November - December 2021

To be the first to ski down Half Dome’s most dangerous line, it helps to be a warrior—and a little bit nuts.

- By Chris Van Leuven

Samurai Of Yosemite

Seemed like a swell idea at the time. This past March, an intrepid trio of veteran backcountry trekkers gazed upon Half Dome, the granite monolith that rises majestically from California’s Yosemite National Park, and decided to ski down a steep, icy furrow that runs near its famously sheer northwest face. Never mind that their chosen route, dubbed Bushido Gully after the moral code of the samurai, is seldom used even for summer climbing ascents, and never for descents in inclement weather—too rugged, too exposed, too damn easy to slip to certain death. That’s just the sort of wintertime fun they crave.

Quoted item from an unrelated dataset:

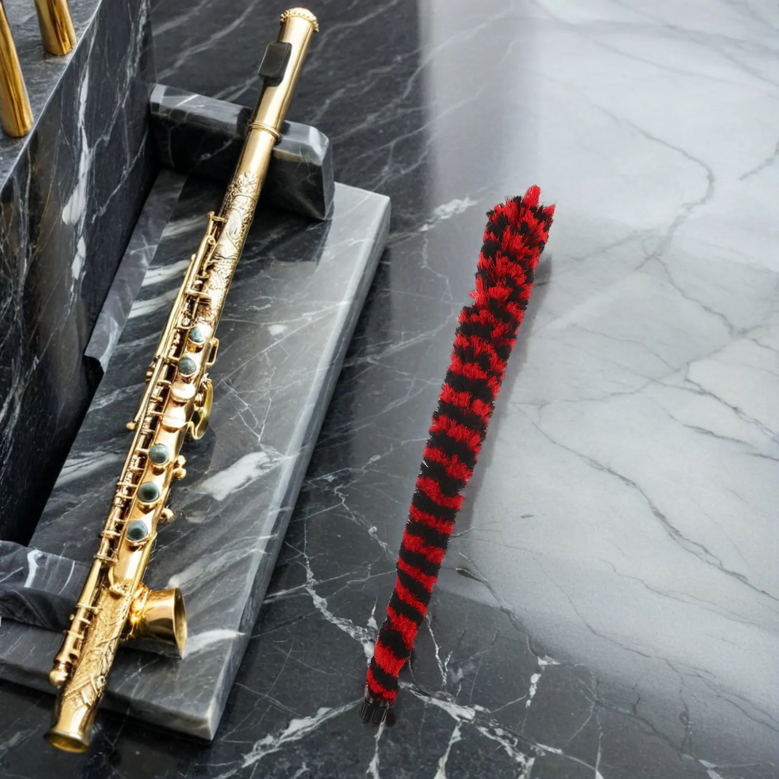 Szczotka do czyszczenia saksofonu altowego z czarno-czerwonym wzorem, wacik do czyszczenia szyjki do skutecznego usuwania zanieczyszczeń z instrumentu, pielęgnacja instrumentów dętych drewnianych.

Shortly after a frigid-but-glorious sunrise, the trio’s deputized photographer, Eric Rasmussen, balances shakily on a precipitous slope with Half Dome’s lookout spot, known as the Diving Board, looming over his shoulder. Immediately below, snow funnels into a wave of rock cliffs that drop 3,500 feet to the valley floor. Moments ago, his companions, seasoned climbers Jason Torlano and Zack Milligan, squeaked through this section ahead of Rasmussen. Now it’s his go. Inching forward on his skis, scraping close to the void, he jabs ski poles fastened with ice axes at the frozen ground. They skitter and slide. “You scraped off all the snow!” he hollers down, but his hoarse recrimination is lost in the wind.

THIS IS SKI MOUNTAINEERING, a mix of skiing, rappelling and climbing required to challenge such imposing terrain. “It’s never pretty,” says Rasmussen. “It’s just a matter of getting down alive.”